National Novel Writing Month
November is National Novel Writing Month, a chance for aspiring authors to really get motivated and crank out at least 50,000 words of a novel. Reuters

November is National Novel Writing Month, or NaNoWriMo, an annual chance for those who have always wanted to write a novel but never have to get started.

Many aspiring writers are gearing up to meet the month's goal: writing at least 50,000 words of a story. This is not an appropriate length for a novel by most publishing standards, but it's more than enough to have a decent headstart.

Writers-to-be took have expressed enthusiasm on Twitter.

Breakfast - check. Ice coffee - check, laptop open - check. Ready set write. Go NaNoWriMo! one person tweeted.

Tweeted another: Who wants to be NaNoWriMo buddies? We'll keep each other motivated!

Some even suggested venues for writing, such as independent bookstores.

The Web site NaNoWriMo.org has several tips and guidelines for aspiring writers who want to take a shot at becoming published authors. It is even offering users pep-talk emails throughout the month from six published authors, including Audrey Niffenegger (The Time Traveler's Wife) and Chris Cleave (Incendiary).

Did you hear that? That was the sound of the entire Eastern Seaboard of North America starting their novels.
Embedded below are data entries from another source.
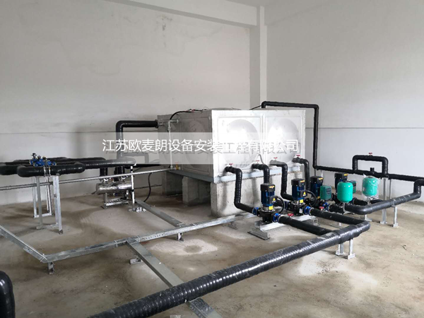 倒班楼:1个38T的方形保温水箱+ 3台OML-200C-II空气能热泵+25KW管道电加热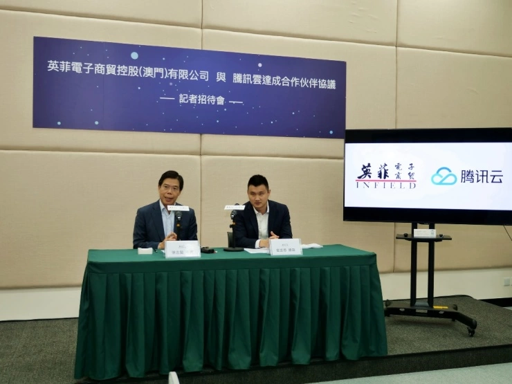 11月12日,英菲电子商贸控股(澳门)有限公司(以下简称英菲澳门)与腾讯云达成合作伙伴协议,并于澳门青年创业孵化中心召开记者招待会,公布首个落地项目,深度挖掘腾讯大数据资源,启动智慧旅游项目“一部手机游澳门”。英菲主席徐志贤、总裁霍丞恩主持并介绍项目进展。发布会吸引了包括澳门日报、力报等众多媒体到场。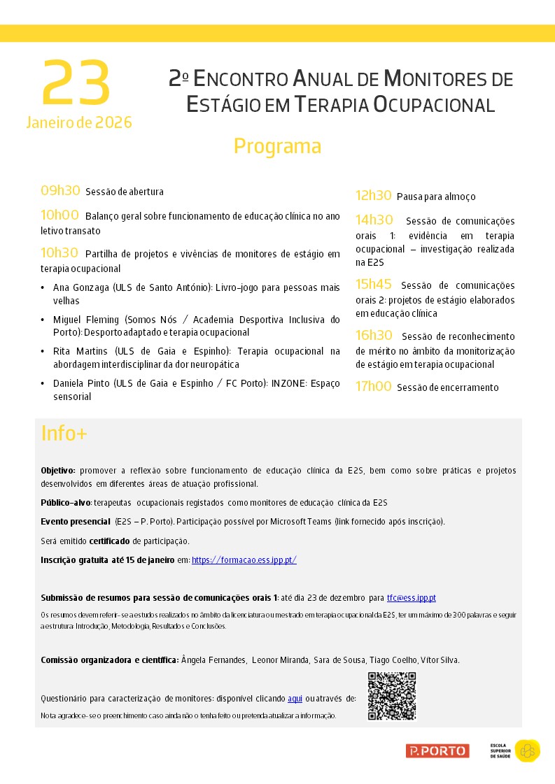 09h30 Sessão de abertura 10h00 Balanço geral sobre funcionamento de educação clínica no ano letivo transato 10h30 Partilha de projetos e vivências de monitores de estágio em terapia ocupacional - Ana Gonzaga (ULS de Santo António): Livro-jogo para pessoas mais velhas - Miguel Fleming (Somos Nós / Academia Desportiva Inclusiva do Porto): Desporto adaptado e terapia ocupacional - Rita Martins (ULS de Gaia e Espinho): Terapia ocupacional na abordagem interdisciplinar da dor neuropática - Daniela Pinto (ULS de Gaia e Espinho / FC Porto): INZONE: Espaço sensorial 12h30 Pausa para almoço 14h30 Sessão de comunicações orais 1: evidência em terapia ocupacional – investigação realizada na E2S 15h45 Sessão de comunicações orais 2: projetos de estágio elaborados em educação clínica 16h30 Sessão de reconhecimento de mérito no âmbito da monitorização de estágio em terapia ocupacional 17h00 Sessão de encerramento Evento presencial (E2S – P. Porto). Participação possível por Microsoft Teams (link fornecido após inscrição). Será emitido certificado de participação. Submissão de resumos para sessão de comunicações orais 1: até dia 23 de dezembro para tfc@ess.ipp.pt Os resumos devem referir-se a estudos realizados no âmbito da licenciatura ou mestrado em terapia ocupacional da E2S, ter um máximo de 300 palavras e seguir a estrutura: Introdução, Metodologia, Resultados e Conclusões. Comissão organizadora e científica: Ângela Fernandes, Leonor Miranda, Sara de Sousa, Tiago Coelho, Vítor Silva. |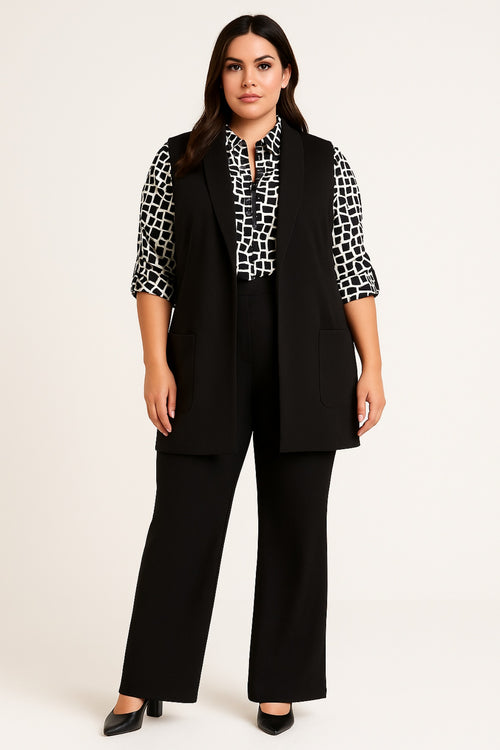 Σετ Plus Size Παντελόνι & Γιλέκο σε Scuba Crepe Μαύρο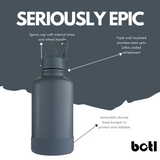 64oz / c.2000ml thermal insulated Canteen stainless steel water bottle supplied with PP sports cap with spout and internal straw and base protecting silicone. Newly updated Epic bottle – with Lois O’Hara design logo. Beer Growler, Gym keg, Daily water intake reminder.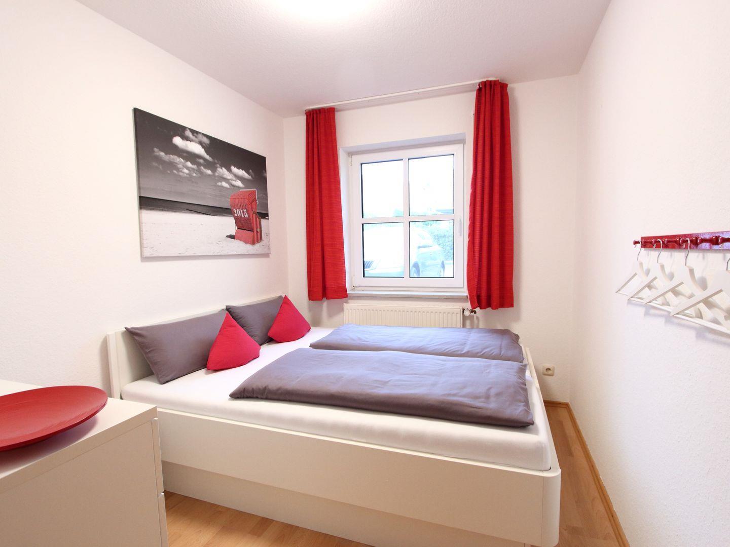 Im kleinen Schlafzimmer befindet sich ein Doppelbett 160x200.
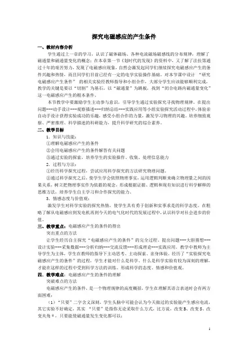探究电磁感应的产生条件一、教材内容分析学生通过上一章的学习,认识了磁体磁场、各种电流磁场磁感线的分布规律,理解了磁通量和磁通量变化的概念;在本章第一节《划时代的发现》的资料中,又了解了法拉第通过十年的艰苦努力,发现了电磁感应现象,自然会激发起同学们继续探究电磁感应产生的条件兴趣和热情,而且同学们目前已经有一定的电学实验操作基础。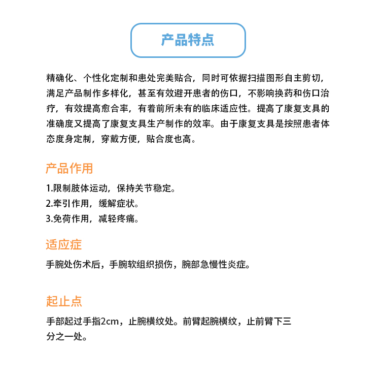 產(chǎn)品特點(diǎn) 精確化、個(gè)性化定制和患處完美貼合,同時(shí)可依據(jù)掃描圖形自主剪切,滿足產(chǎn)品制作多樣化,甚至有效避開患者的傷口,不影響換藥和傷口治療,有效提高愈合率,有著前所未有的臨床適應(yīng)性。提高了康復(fù)支具的準(zhǔn)確度又提高了康復(fù)支具生產(chǎn)制作的效率。由于康復(fù)支具是按照患者體態(tài)度身定制,穿戴方便,貼合度也高。 產(chǎn)品作用 1.限制肢體運(yùn)動,保持關(guān)節(jié)穩(wěn)定。 2.牽引作用,緩解癥狀。 3.免荷作用,減輕疼痛。

Good luck! @NaNoWriMo tweeted.

So what tools does a writer need?

Many published authors have different approaches to the writing craft, but each one has practical advice that can apply to all.

Romance author Nora Roberts, who has published more than 200 novels, credits her quick pace to being educated by nuns during her nine years in Catholic school.

Discipline, guilt and guilt are really really excellent tools for the writer's toolbox, she told a crowd at The Washington Post in 2009, later adding that inspiration is crap.

Forget about the muse, Roberts said. Sister Mary Responsibility kicks the muse's ass every single day.

Horror novelist Stephen King advises aspiring writers to read a lot and to write a lot.

If you don't have time to read you can't be a writer, he told Yale students in 2003. You've got to read just about everything.

Meg Cabot, author of The Princess Diaries series, talks about outlining on her YouTube channel.

You can't just sit down and start writing your story, she said. You need to have a beginning, a middle and an end.

She has another piece of practical advice.

Sitting down and actually doing it, Cabot said. That's really what separates an amateur writer from a professional writer.

In addition to discipline and motivation, aspiring writers need solitude, noted Leo Babauta, who wrote a guest post for The Science Fiction and Fantasy Writers of America's The Craft of Writing blog.

Creativity flourishes in solitude, he wrote. With quiet, you can hear your thoughts, you can reach deep within yourself, you can focus.